* _What is required_
Please retype every entry as written, and keep the pictures out.

[Stored records]
# # #

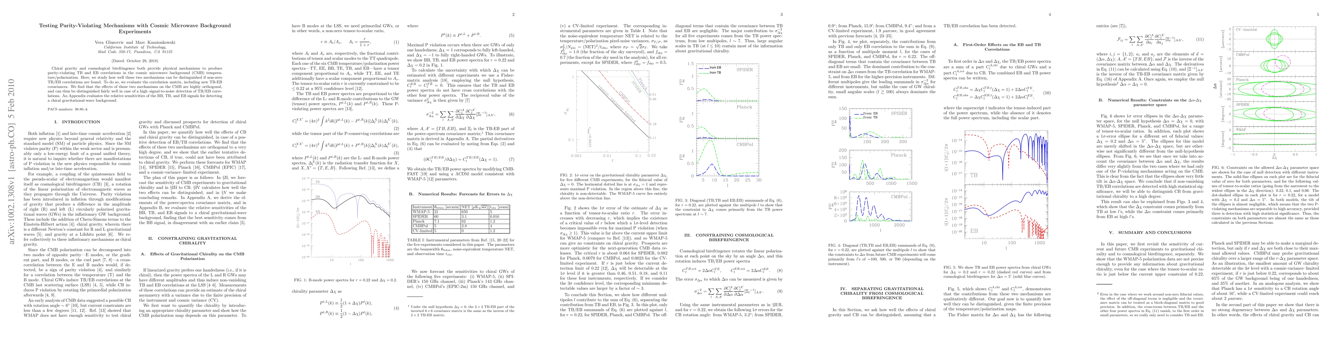 This paper investigates how chiral gravity and cosmological birefringence can be distinguished through their effects on parity-violating TB and EB correlations in the CMB. It concludes that these mechanisms are highly orthogonal, allowing for their differentiation with high-signal-to-noise detections. An appendix also assesses the sensitivity of BB, TB, and EB signals for detecting a chiral gravitational-wave background.
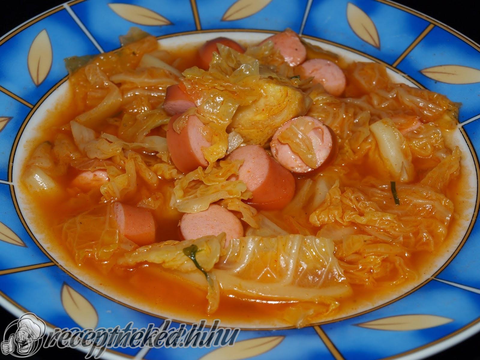 Közben a virslit karikára vágjuk és kevés zsiradékon megpirítjuk. A leveshez adjuk és együtt főzzük még kb 5 percig. Ha nagyon sűrűnek találjuk a levest, akkor adjunk még hozzá kevés vizet. Természetesen kóstoljuk meg és ha szükséges, akkor után ízesítsük sóval, borssal és majoránnával ízlésünknek megfelelően.
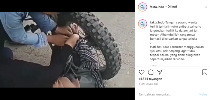 Pada video itu, terlihat tangan seorang cewek terlilit jari-jari pelek motor.
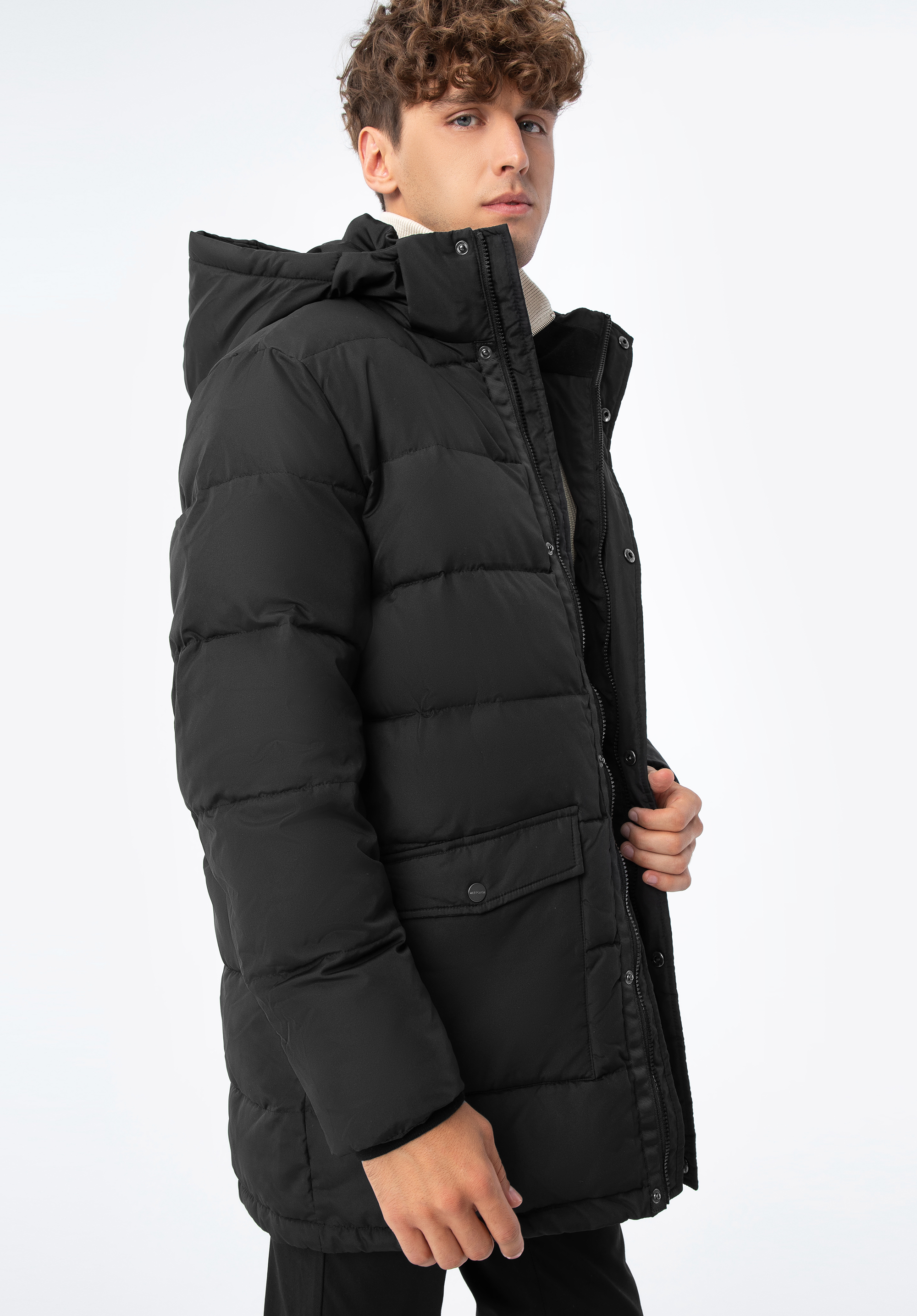 Univerzális és klasszikus steppelt téli kabát. Egyszerűségének köszönhetően tökéletes lesz a hétköznapi szettekhez - farmerhez vagy kordbársony nadrághoz. Praktikus bélelt kapucnival rendelkezik, tépőzárral. A kabát oldalán két zseb található, amelyekbe elrejtheted kezeidet, valamint a telefonodat vagy a pénztárcádat. A kabát kiváló minőségű, könnyen kezelhető poliészterből készült, és puha béléssel rendelkezik a kényelem és a melegség érdekében. Ez a férfi téli kabát kapucnival egy bevált modell az őszi és téli szezonra.
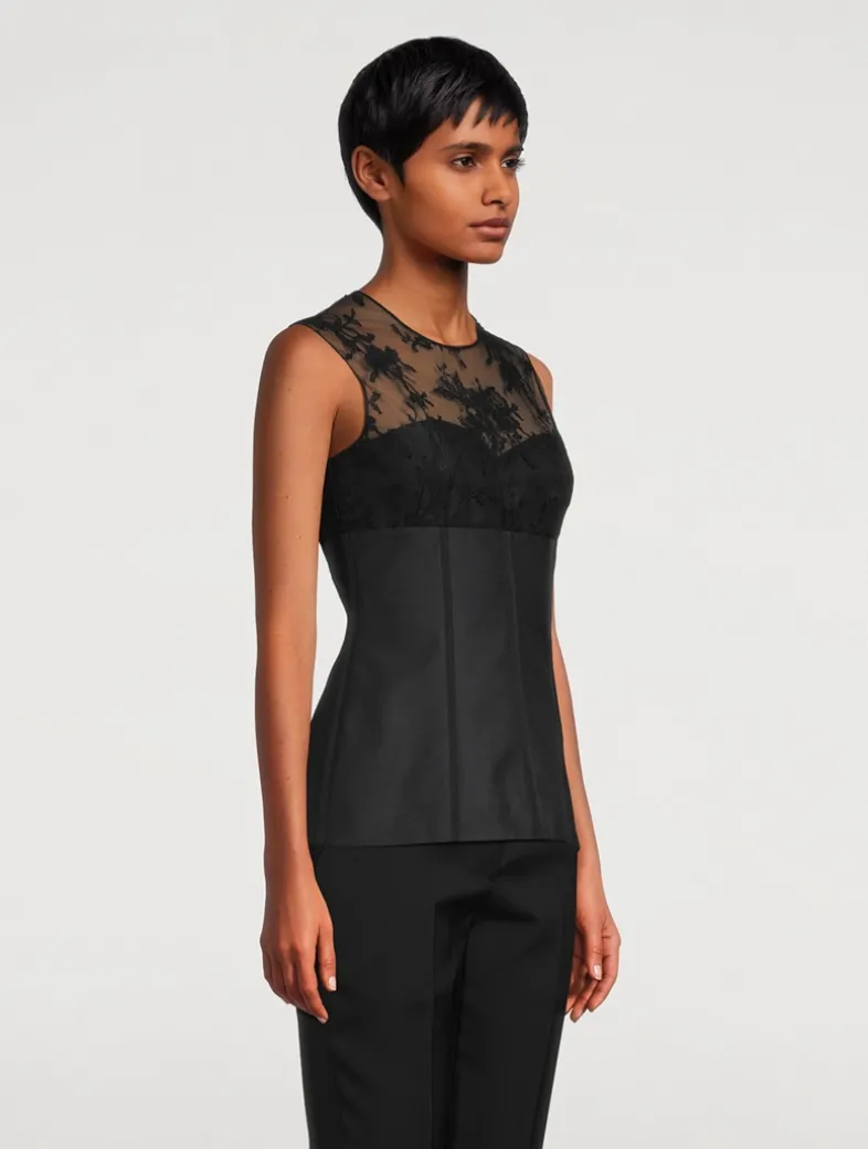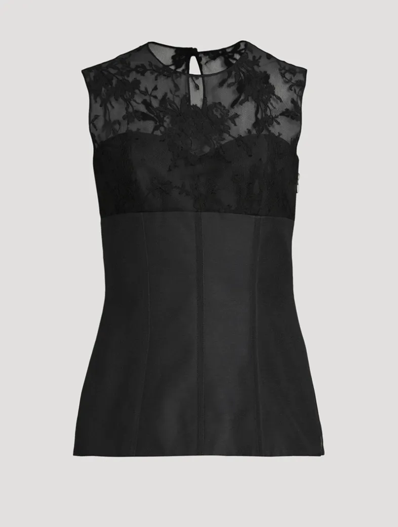 Nodding to lingerie-inspired styles, this sweetheart bustier is crafted from cotton silk faille adorned with a delicate floral tulle panel at the top. It is cut to flare gently over the hips and features a round neckline with keyhole and button at the back.

# # #

* _Solution_
 This paper investigates how chiral gravity and cosmological birefringence can be distinguished through their effects on parity-violating TB and EB correlations in the CMB. It concludes that these mechanisms are highly orthogonal, allowing for their differentiation with high-signal-to-noise detections. An appendix also assesses the sensitivity of BB, TB, and EB signals for detecting a chiral gravitational-wave background.
 Közben a virslit karikára vágjuk és kevés zsiradékon megpirítjuk. A leveshez adjuk és együtt főzzük még kb 5 percig. Ha nagyon sűrűnek találjuk a levest, akkor adjunk még hozzá kevés vizet. Természetesen kóstoljuk meg és ha szükséges, akkor után ízesítsük sóval, borssal és majoránnával ízlésünknek megfelelően.
 Pada video itu, terlihat tangan seorang cewek terlilit jari-jari pelek motor.
 Univerzális és klasszikus steppelt téli kabát. Egyszerűségének köszönhetően tökéletes lesz a hétköznapi szettekhez - farmerhez vagy kordbársony nadrághoz. Praktikus bélelt kapucnival rendelkezik, tépőzárral. A kabát oldalán két zseb található, amelyekbe elrejtheted kezeidet, valamint a telefonodat vagy a pénztárcádat. A kabát kiváló minőségű, könnyen kezelhető poliészterből készült, és puha béléssel rendelkezik a kényelem és a melegség érdekében. Ez a férfi téli kabát kapucnival egy bevált modell az őszi és téli szezonra.
 Nodding to lingerie-inspired styles, this sweetheart bustier is crafted from cotton silk faille adorned with a delicate floral tulle panel at the top. It is cut to flare gently over the hips and features a round neckline with keyhole and button at the back.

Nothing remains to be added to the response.